CLUTCH Vol. 5: There's a Sculpture in Here Somewhere

WRITTEN BY CLUTCH Vol. 5 PARTICIPANT, LOISEL WILSON

“Your success is already there, you just have to chip away at what’s in front of you--your barriers--to get to what your goals might be.” This is quoted from Jennifer Gonzales, Life and Residence Coordinator at Ryerson University, and last week’s facilitator for our Goal Setting workshop. She reinterpreted Michelangelo's quotation about his own sculptures: “In every block of marble I see a statue as plain as though it stood before me, shaped and perfect in attitude and action. I have only to hew away the rough walls that imprison the lovely apparition to reveal it to the other eyes as mine see it.” She said that like his art, humans have infinite potential and the only limits to achieving our goals are the limits we have set for ourselves, which is our fears. To acknowledge our fears, we must get intimate with our feelings.

In the workshop, we shared our success stories of goals we have achieved. I have recorded some of our workshops, and as I played the discussions back, I realised it’s been a pattern in my life to set myself goals that are massive--they weigh heavily on my mind because it usually requires big life changes, and spending a lot of money,  so they are left in the backburner, brewing for some time. I started off by saying that I got my “dream job”, while other girls were happy to delete an ex-boyfriend’s phone number or to finally be able to do a yoga position. Personally, I have learned that small goals are big steps to large ones and that they don’t always have to involve drastic changes.  We also admitted things that were stuck on our “to do” lists and which mental or physical blocks were in our paths to these goals.

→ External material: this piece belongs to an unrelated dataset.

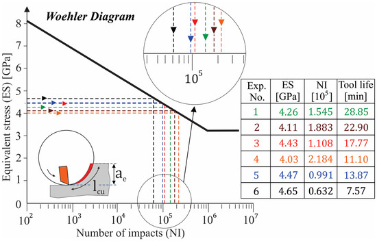 The outcomes of the milling FE simulation model coupled with the experimentally defined S-N diagram were considered in order to estimate the lifespan of the employed cutting tools on the test set. In particular, Figure 10 displays the forecasted number of cuts for each experiment of the test set, such as to achieve a flank wear equal to the predefined criterion. More specifically, the horizontal axis represents the number of cycles to failure (N) on a logarithmic scale, and the vertical axis shows the stress amplitude applied to the material during cyclic loading. Hence, the diagram indicates how many machining cycles the coated tool can endure before failure occurs. The main idea is that higher stress fields during the machining process (calculated via the FEM model in Figure 9c) would lead to a smaller number of cuts due to the determined Woehler diagram of Figure 8b [19].
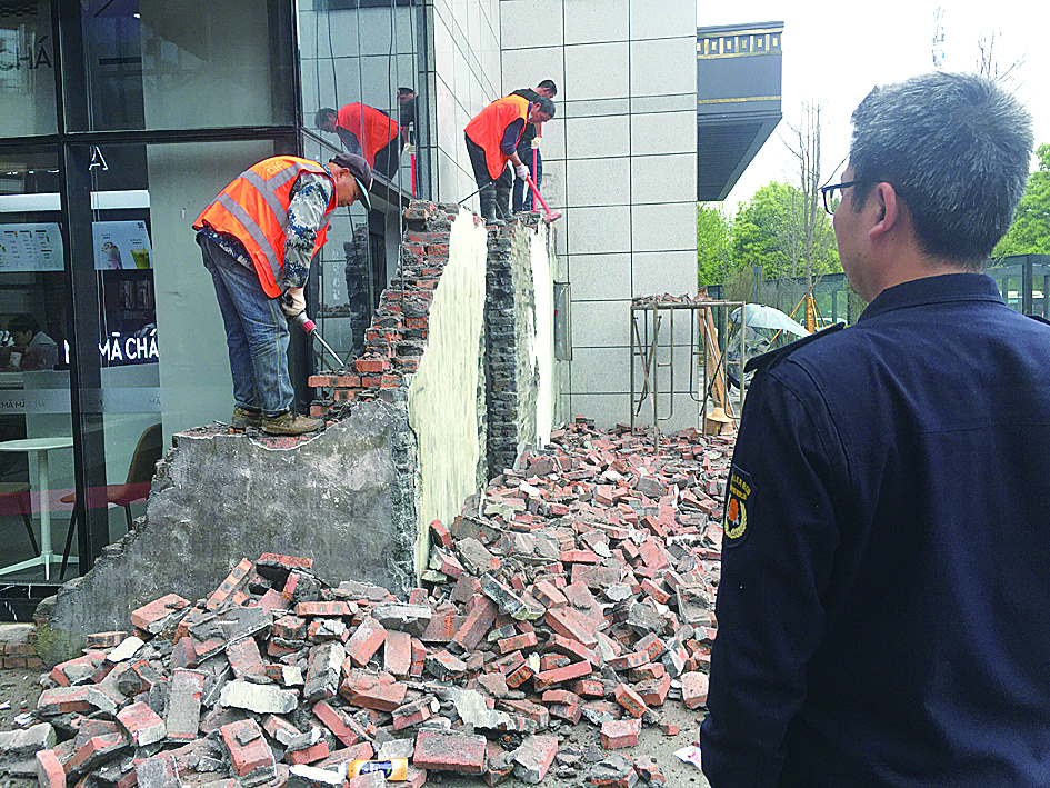 ▲4月6日,施工人员对砖墙实施拆除。 记者 刘平 摄

This is the part where things got interesting as we were able to get to the nitty-gritty stuff--or at least what we want to do in life and why. “Why?” It’s a small word for such a big question and answering it requires pondering and deep introspection. “Well I’d like to travel and live in South East Asia!" “But, why?” Usually the easy answer involves some broad reference to “happiness”. This workshop gave us the opportunity to zone in on the ingredients to what Jen calls our “core desired feelings." These feelings could be: connected, comfortable, hopeful, healthy, or even sexy. She emphasized that it had to be a feeling that set off a spark or reaction in us.  A free writing exercise got us to think about different words prompted by open-ended sentences like “I crave…" and “I feel joy when…”. In the end, we each decided on a single word for our “core desired feeling”. Mine was "relaxed.”

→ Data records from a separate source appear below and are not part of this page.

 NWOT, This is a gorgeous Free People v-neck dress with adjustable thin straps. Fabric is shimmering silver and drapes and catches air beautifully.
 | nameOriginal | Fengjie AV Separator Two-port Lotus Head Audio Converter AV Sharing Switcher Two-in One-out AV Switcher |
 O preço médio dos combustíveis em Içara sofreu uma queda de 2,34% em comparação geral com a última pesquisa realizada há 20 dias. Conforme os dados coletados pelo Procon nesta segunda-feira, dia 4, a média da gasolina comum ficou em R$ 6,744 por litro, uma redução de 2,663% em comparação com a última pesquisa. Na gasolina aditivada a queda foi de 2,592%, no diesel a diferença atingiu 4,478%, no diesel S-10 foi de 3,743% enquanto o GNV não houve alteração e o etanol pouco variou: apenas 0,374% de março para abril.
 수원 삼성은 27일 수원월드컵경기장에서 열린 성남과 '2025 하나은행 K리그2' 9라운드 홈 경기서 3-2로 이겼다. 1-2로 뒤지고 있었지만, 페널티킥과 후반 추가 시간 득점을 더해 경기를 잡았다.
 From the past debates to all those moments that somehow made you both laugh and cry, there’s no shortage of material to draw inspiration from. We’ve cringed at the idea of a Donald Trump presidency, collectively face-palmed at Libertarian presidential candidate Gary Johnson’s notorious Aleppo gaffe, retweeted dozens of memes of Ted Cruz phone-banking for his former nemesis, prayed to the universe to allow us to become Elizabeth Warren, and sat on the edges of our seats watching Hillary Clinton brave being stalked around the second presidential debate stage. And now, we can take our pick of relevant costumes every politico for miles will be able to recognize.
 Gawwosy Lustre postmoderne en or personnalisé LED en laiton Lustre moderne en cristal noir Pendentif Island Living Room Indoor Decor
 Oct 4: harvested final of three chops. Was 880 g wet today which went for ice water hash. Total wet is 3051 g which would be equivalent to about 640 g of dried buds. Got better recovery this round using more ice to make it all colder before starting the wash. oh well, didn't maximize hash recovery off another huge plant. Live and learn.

The one thing I took away from this journey was Jen’s advice on how we should set our goals, and as she had experienced, it is not by meticulously writing them down in a journal. But actually breaking those barriers with your body. As her yoga instructor said, “the body’s truth goes ahead of the mind’s lie”. And as Jen says “when you wake up in the morning tomorrow, the question you might ask yourself is how am I going to feel x  today? Take 15 minutes in the morning to think of your word and 15 minutes at night before you go to sleep to think about what you are grateful for.” She recommend having four or five words floating around your mind.  Today, my word was "slow" and I am grateful and excited for the body I am slowly sculpting.